Researchers should validate adipsin activity in their specific experimental system at the beginning and end of critical experiments to account for potential activity loss.

What emerging technologies might advance our understanding of adipsin biology?

Several cutting-edge technologies hold promise for deepening our understanding of adipsin biology:

• CRISPR-Cas9 gene editing: Creating precise modifications in adipsin or related genes in relevant cell types to study functional consequences. This approach allows for endogenous tagging of adipsin for real-time visualization or the introduction of specific mutations identified in human populations.

• Cryo-electron microscopy: Determining high-resolution structures of adipsin in complex with its binding partners could provide insights into its molecular mechanisms and guide the development of specific inhibitors or activators.

• Spatial transcriptomics and proteomics: Mapping adipsin expression and activity in tissue contexts with spatial resolution could reveal microenvironmental factors that regulate its function in different physiological and pathological states.

• Single-cell multi-omics: Integrating transcriptomic, proteomic, and metabolomic data at the single-cell level could identify cell populations particularly responsive to adipsin and characterize the downstream molecular events.

• Organoids and microphysiological systems: Studying adipsin in more physiologically relevant 3D culture systems could bridge the gap between traditional cell culture and in vivo models, particularly for investigating adipose tissue-specific effects.

These technologies, combined with computational approaches like machine learning for pattern recognition in large datasets, could help reconcile the sometimes contradictory findings in adipsin research and clarify its diverse roles in health and disease.

How might adipsin research contribute to novel therapeutic approaches for cardiovascular diseases?

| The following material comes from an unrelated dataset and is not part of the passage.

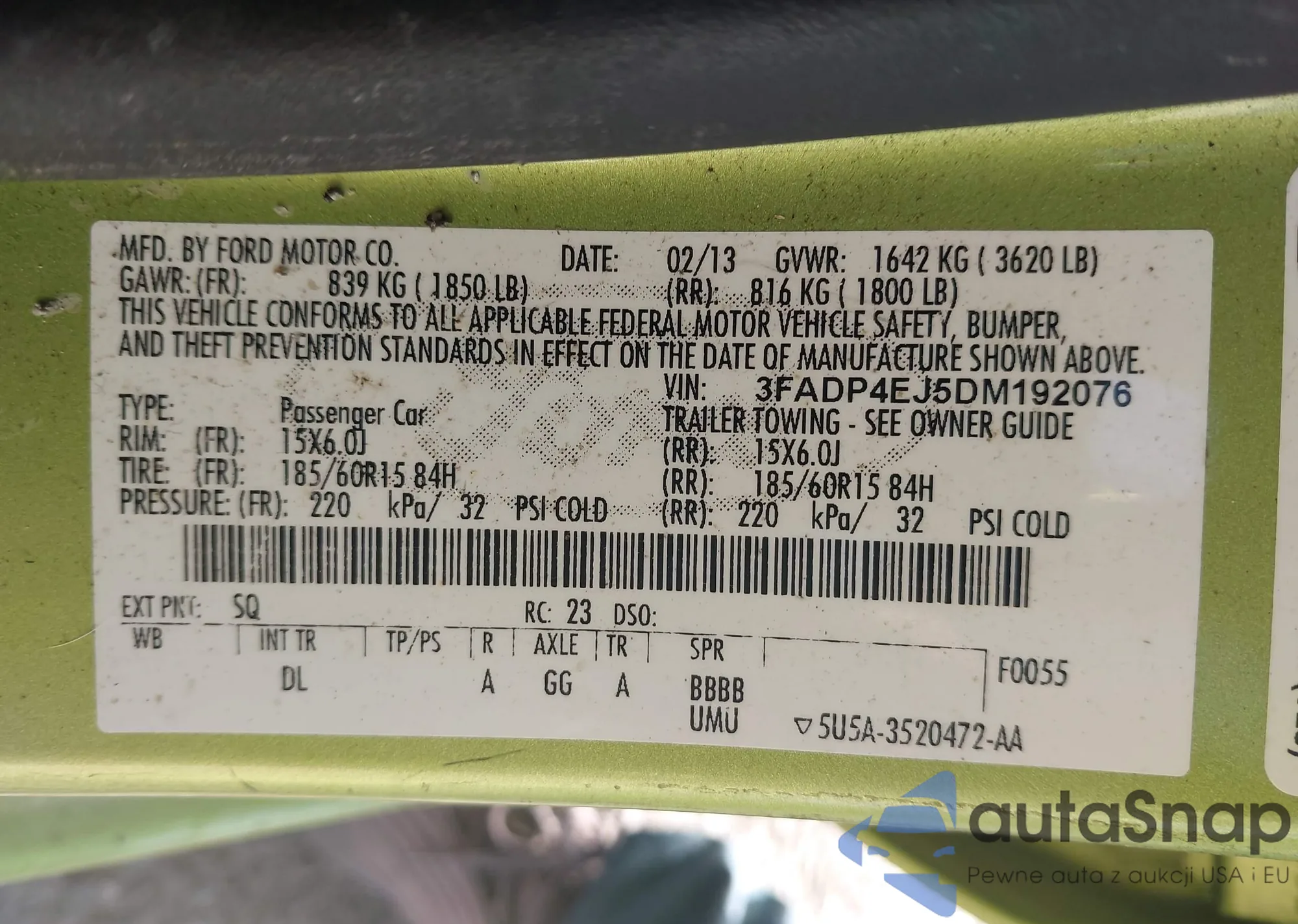 VIN: 3FADP4EJ5DM192076

Based on the emerging understanding of adipsin's role in cardiovascular pathophysiology, several therapeutic approaches could be developed:

• Diagnostic applications: Serum adipsin has been recognized as a prognostic marker for cardiovascular diseases . Further research could lead to the development of adipsin-based diagnostic panels, potentially combined with other biomarkers like brain natriuretic peptide (BNP) or high-sensitive C-reactive protein (hs-CRP) for improved predictive value.

• Targeted inhibition strategies: For conditions associated with complement overactivation, selective inhibition of adipsin's catalytic activity could reduce alternative pathway activation while preserving classical and lectin pathway function for immune defense.

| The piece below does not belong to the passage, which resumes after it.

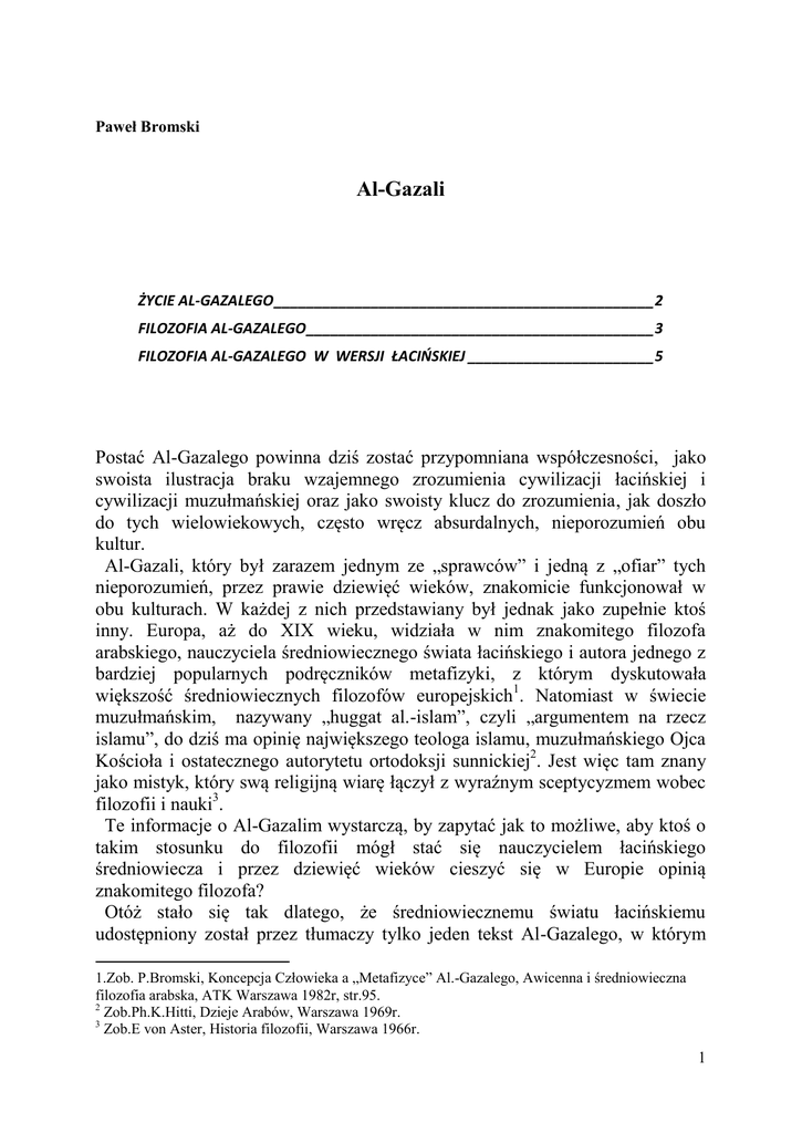 Paweł Bromski Al-Gazali ŻYCIE AL-GAZALEGO _______________________________________________ 2 FILOZOFIA AL-GAZALEGO ___________________________________________ 3 FILOZOFIA AL-GAZALEGO W WERSJI ŁACIŃSKIEJ _______________________ 5 Postać Al-Gazalego powinna dziś zostać przypomniana współczesności, jako swoista ilustracja braku wzajemnego zrozumienia cywilizacji łacińskiej i cywilizacji muzułmańskiej oraz jako swoisty klucz do zrozumienia, jak doszło do tych wielowiekowych, często wręcz absurdalnych, nieporozumień obu kultur. Al-Gazali, który był zarazem jednym ze „sprawców” i jedną z „ofiar” tych nieporozumień, przez prawie dziewięć wieków, znakomicie funkcjonował w obu kulturach. W każdej z nich przedstawiany był jednak jako zupełnie ktoś inny. Europa, aż do XIX wieku, widziała w nim znakomitego filozofa arabskiego, nauczyciela średniowiecznego świata łacińskiego i autora jednego z bardziej popularnych podręczników metafizyki, z którym dyskutowała większość średniowiecznych filozofów europejskich1. Natomiast w świecie muzułmańskim, nazywany „huggat al.-islam”, czyli „argumentem na rzecz islamu”, do dziś ma opinię największego teologa islamu, muzułmańskiego Ojca Kościoła i ostatecznego autorytetu ortodoksji sunnickiej2. Jest więc tam znany jako mistyk, który swą religijną wiarę łączył z wyraźnym sceptycyzmem wobec filozofii i nauki3. Te informacje o Al-Gazalim wystarczą, by zapytać jak to możliwe, aby ktoś o takim stosunku do filozofii mógł stać się nauczycielem łacińskiego średniowiecza i przez dziewięć wieków cieszyć się w Europie opinią znakomitego filozofa? Otóż stało się tak dlatego, że średniowiecznemu światu łacińskiemu udostępniony został przez tłumaczy tylko jeden tekst Al-Gazalego, w którym 1.Zob. P.Bromski, Koncepcja Człowieka a „Metafizyce” Al.-Gazalego, Awicenna i średniowieczna filozofia arabska, ATK Warszawa 1982r, str.95. 2 Zob.Ph.K.Hitti, Dzieje Arabów, Warszawa 1969r. 3 Zob.E von Aster, Historia filozofii, Warszawa 1966r. 1 wyłożył doktryny filozoficzne Al-Farabiego, Awicenny i Awerroesa. Prawdopodobnie, był to traktat zatytułowany „Cele filozofów”, przełożony na język łaciński w XII wieku przez Dominika Gundissalvi i Jana Hiszpana w Toledo. W wersji łacińskiej tekst ten składał się z trzech części, z Logiki, Fizyki i Metafizyki 4, z których ostatnia przetrwała do naszych czasów i znajduje się obecnie w Archiwum Watykańskim pod numerem 4481. Ten jedyny, znany światu łacińskiemu, tekst Al-Gazalego był częścią większego traktatu, w którym ten mistyk i agnostyk chciał się z filozofią rozprawić. Jednak, aby filozofię ostatecznie zwalczyć, musiał najpierw streścić znane sobie poglądy filozoficzne. To streszczenie właśnie, jako wykład filozofii, tak spodobało się łacińskim tłumaczom w Toledo, że przetłumaczyli je na łacinę, nie interesując się zupełnie drugą częścią traktatu. W ten sposób, na prawie dziewięć wieków, Al-Gazali stał się nauczycielem scholastycznej Europy i filozofem „mimo woli”. Kiedy więc dwadzieścia pięć lat temu, jeszcze jako student filozofii i członek grupy, która, pod kierownictwem profesora M. Gogacza, rozpoczęła prace badawcze nad średniowiecznymi tekstami filozofów arabskich i gdy do własnych analiz wybrałem teksty Al-Gazalego, nie spodziewałem się, że po upływie tylu lat przyjdzie mi zobaczyć w tym autorze symbol niemożności wzajemnego zrozumienia obu kultur i religii, w kontekście klęski, zarówno muzułmanów jak i chrześcijan, w dniu 11 września 2001 roku. Z perspektywy Europy jawi się więc Al-Gazali jako postać dwuznaczna. Jako myśliciel, który najpierw nie zrozumiał antycznej kultury europejskiej, mieszając poglądy Platona z poglądami Arystotelesa oraz jako ten, który potem sam nie został zrozumiany przez średniowieczną Europę, chociaż wbrew prawdziwemu sobie, położył ogromne zasługi w jej rozwoju intelektualnym. ŻYCIE AL-GAZALEGO 5 Abu Hamid Muhammad Ibn Muhammad Ibn Muhammad Ibn Ahmad Al-Gazali, wśród muzułmanów otoczony jest powszechnym szacunkiem. Uważany jest za jednego z najwybitniejszych Arabów, jacy kiedykolwiek żyli. Urodził się w Tusie w Hurasanie w roku 1058. Tam rozpoczął studia pod kierunkiem Ar-Radkaniego, które kontynuował w Gurganie, gdzie jego nauczycielem był Abu Al-Qasim Al-Ismaili. Tam powstało jego pierwsze dzieło, komentarz o rodzajach szkół prawnych, które niestety nie przetrwało do naszych czasów. Około 1080 roku, Al-Gazali przeniósł się do Nisaburu, gdzie kształcił się dalej, pod kierunkiem Abu Al-Maali Al-Guwayniego, w szkole założonej przez wezyra seldżuckiego. Uczył się tam kalamu, logiki i filozofii. W 1085 r., po śmierci swojego nauczyciela, Al-Gazali związał się z Nizamem AlMulkiem, słynnym wezyrem sułtanów seldżuckich. Umieścił on Al-Gazalego na 4 5 Zob.E.Gilson,Historia filozofii chrześcijańskiej w wiekach średnich, Warszawa 1966, str. 214,234. Wg. Katarzyna Pachniak, Filozofia polityki muzułmańskiej, W.A.Dialog, W-wa 2001, str.13 2 swym dworze i powierzył mu stanowisko w utworzonej przez siebie uczelni w Bagdadzie. Al-Gazali, w latach 1091 – 1095, wykładał tam teologię i prawo. Właśnie w Bagdadzie powstały jego trzy wielkie dzieła poświęcone doktrynie sufizmu: „Basit”, „Wasit” i „Wagiz”. Także w Bagdadzie Al-Gazali napisał traktat teologiczno-polityczny, pt.”Oszczędne przedstawienie zasad wiary” oraz kilka traktatów poświęconych filozofii, w których w sposób bezwzględny podporządkowywał filozofię teologii, warunkując sens uprawiania filozofii jej służebnością wobec teologii. Koncepcję tę przedstawił najwyraźniej w traktacie „Tahafut al.-falasifa /Rozproszenie filozofów/, datowanym na 1095 rok. Po 1092 roku, Al-Gazali zwrócił się ku mistycyzmowi i w 1095 roku podjął decyzje o całko

• Cell-specific modulation: Technologies that allow for tissue-specific regulation of adipsin expression or activity could help address the pathological effects of adipsin in specific cardiovascular contexts while minimizing systemic effects.

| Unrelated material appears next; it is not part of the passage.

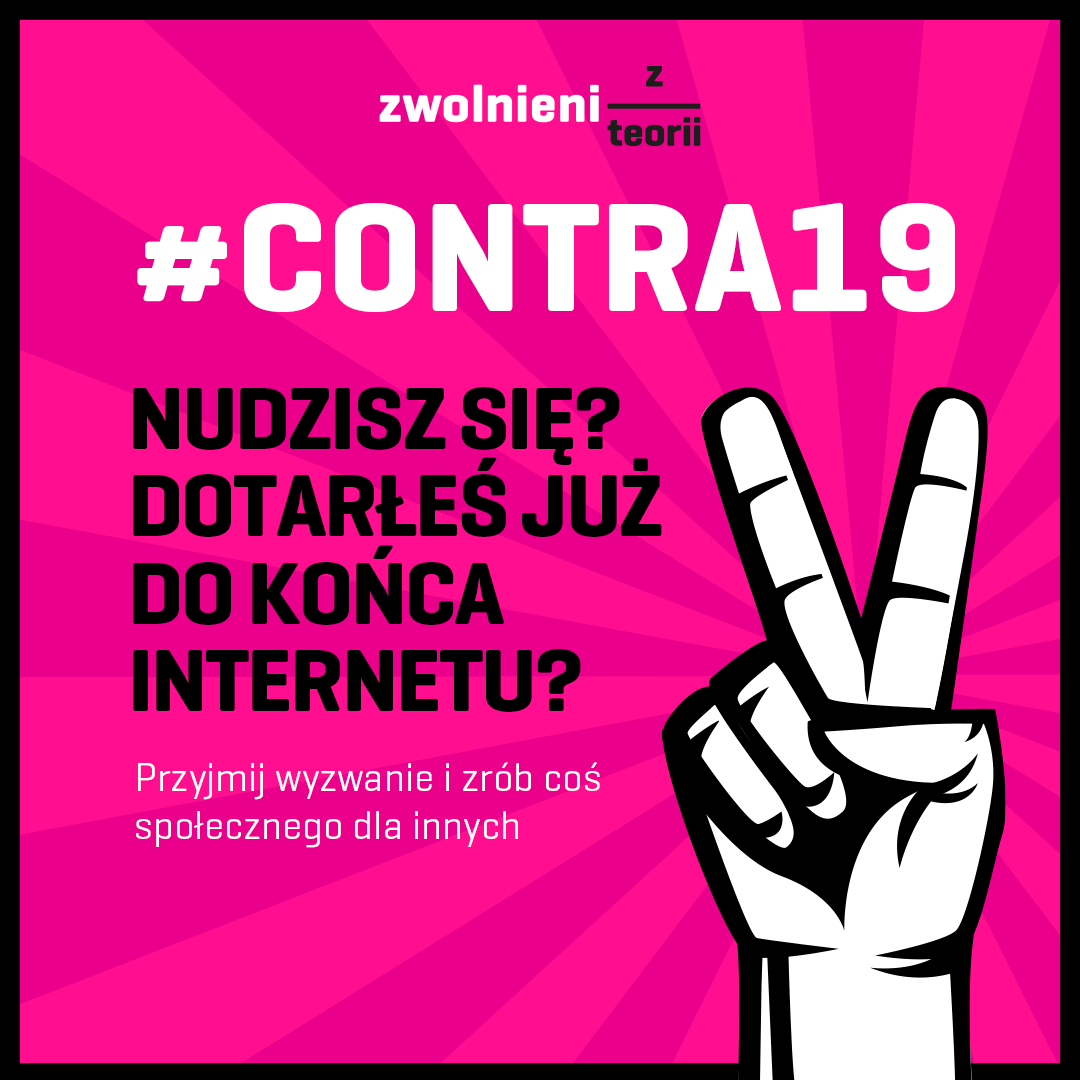 Fundacja Zwolnieni z Teorii zainicjowała akcję #CONTRA19 – w kontrze do COVID-19, której celem jest zachęcenie młodych ludzi do zaangażowania się w pomoc lokalnym przedsiębiorcom, instytucjom kultury czy osobom starszym lub zwalczanie fake newsów. Wszystkie aktywności – w formie wyzwań – nastolatkowie z całej Polski mają oczywiście wykonywać bez wychodzenia z domu.

• Metabolic intervention: As adipsin levels have been reported to be low in diabetic animals and humans , investigating whether adipsin supplementation could ameliorate metabolic dysfunction in diabetes and consequently reduce cardiovascular risk represents an important research direction.

Given the complex and sometimes contradictory roles of adipsin in different contexts, future therapeutic approaches will likely need to be carefully tailored to specific disease states and patient populations. Continued research with tools like Adipsin Human, Sf9 is essential for developing these precision medicine approaches.